BEGIN RECORDS PROVIDED

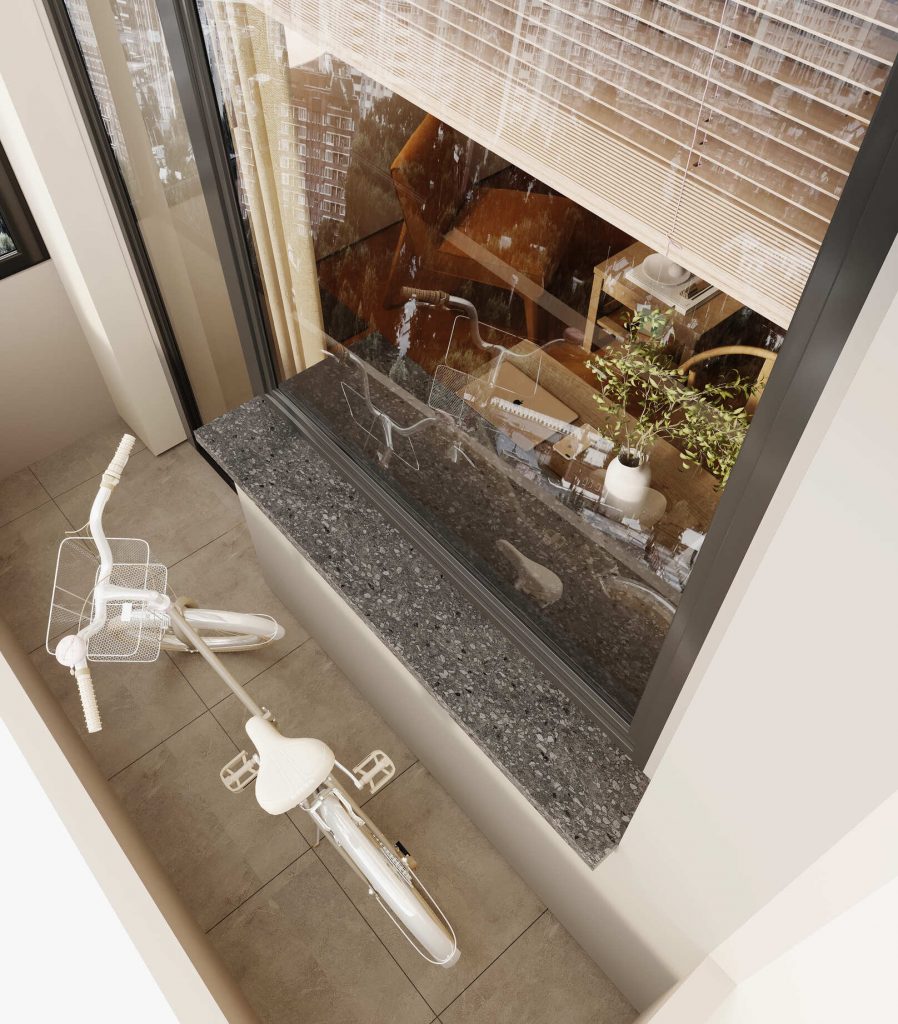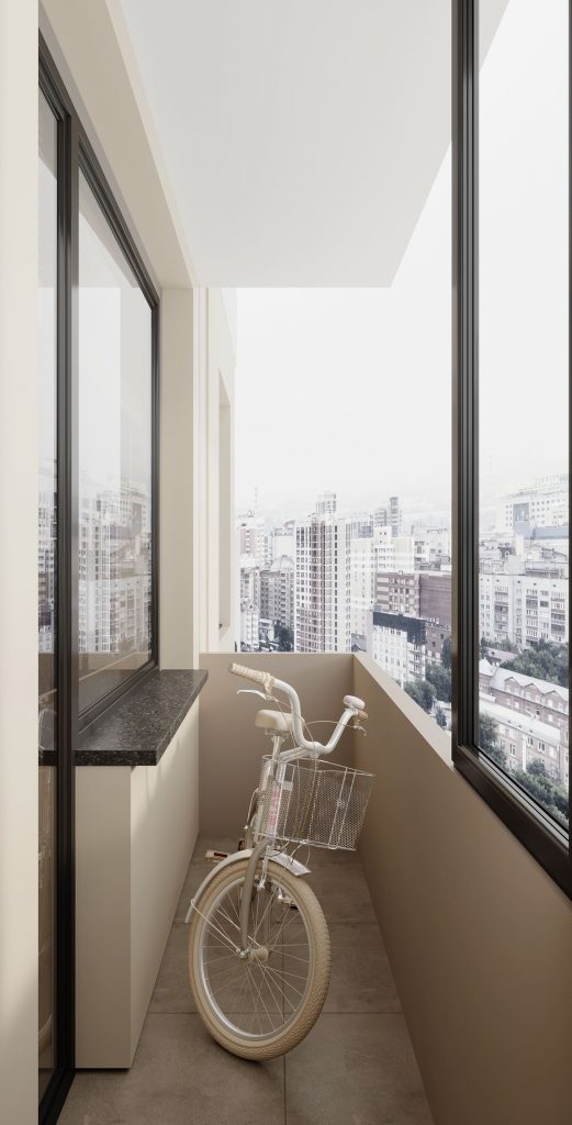 Контрастный белый балкон с чёрными акцентами оформлен в ретро стиле, соединяющим в себе и французский - здесь только весь молочного цвета велосипед с корзинкой на руле, который мысленно уносит нас на узкие, атмосферные улочки романтичной, утонченной Франции, и мы практически ощущаем аромат свежеиспеченного багета и потрясающего кофе на завтрак.
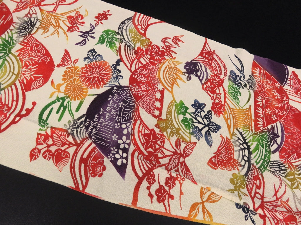 This is a piece of fabric that has been cut from an used kimono. (Single fabric. Not any pieces are sewn together to make the patterns.)
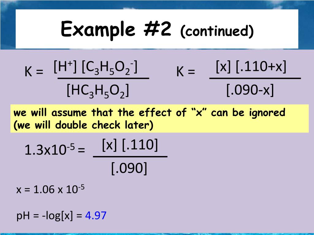 [H+] [C3H5O2-] K = [HC3H5O2] [x] [.100+x] K = [.100-x] Example #1 (continued) we will assume that the effect of “x” can be ignored (we will double check later) K = [x] = 1.3 x 10-5 pH = -log[x] = 4.88
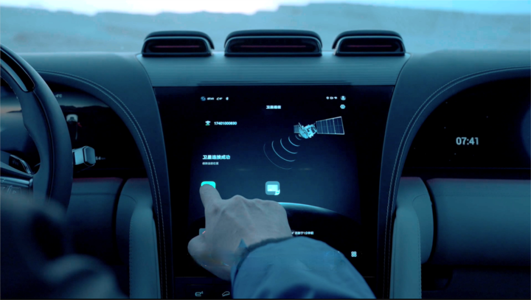 仰望U8車機連接天通衛星成功的畫面,中國電信供圖
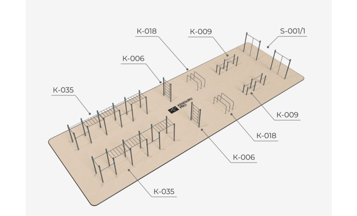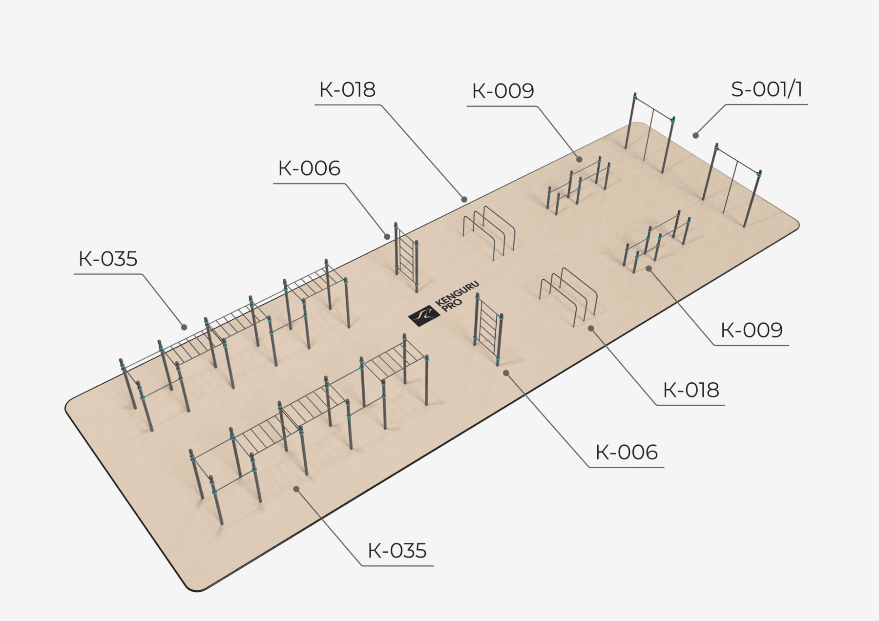 Воркаут площадка № 7 - 300 м2 (30 х 10 м)

END RECORDS PROVIDED

# ACTIVITY
Write out an exact copy of the lines beginning at the line that contains "This is a piece" and ending at the last line of the listing. Exclude pictures.

# WRITTEN RESPONSE
 This is a piece of fabric that has been cut from an used kimono. (Single fabric. Not any pieces are sewn together to make the patterns.)
 [H+] [C3H5O2-] K = [HC3H5O2] [x] [.100+x] K = [.100-x] Example #1 (continued) we will assume that the effect of “x” can be ignored (we will double check later) K = [x] = 1.3 x 10-5 pH = -log[x] = 4.88
 仰望U8車機連接天通衛星成功的畫面,中國電信供圖
 Воркаут площадка № 7 - 300 м2 (30 х 10 м)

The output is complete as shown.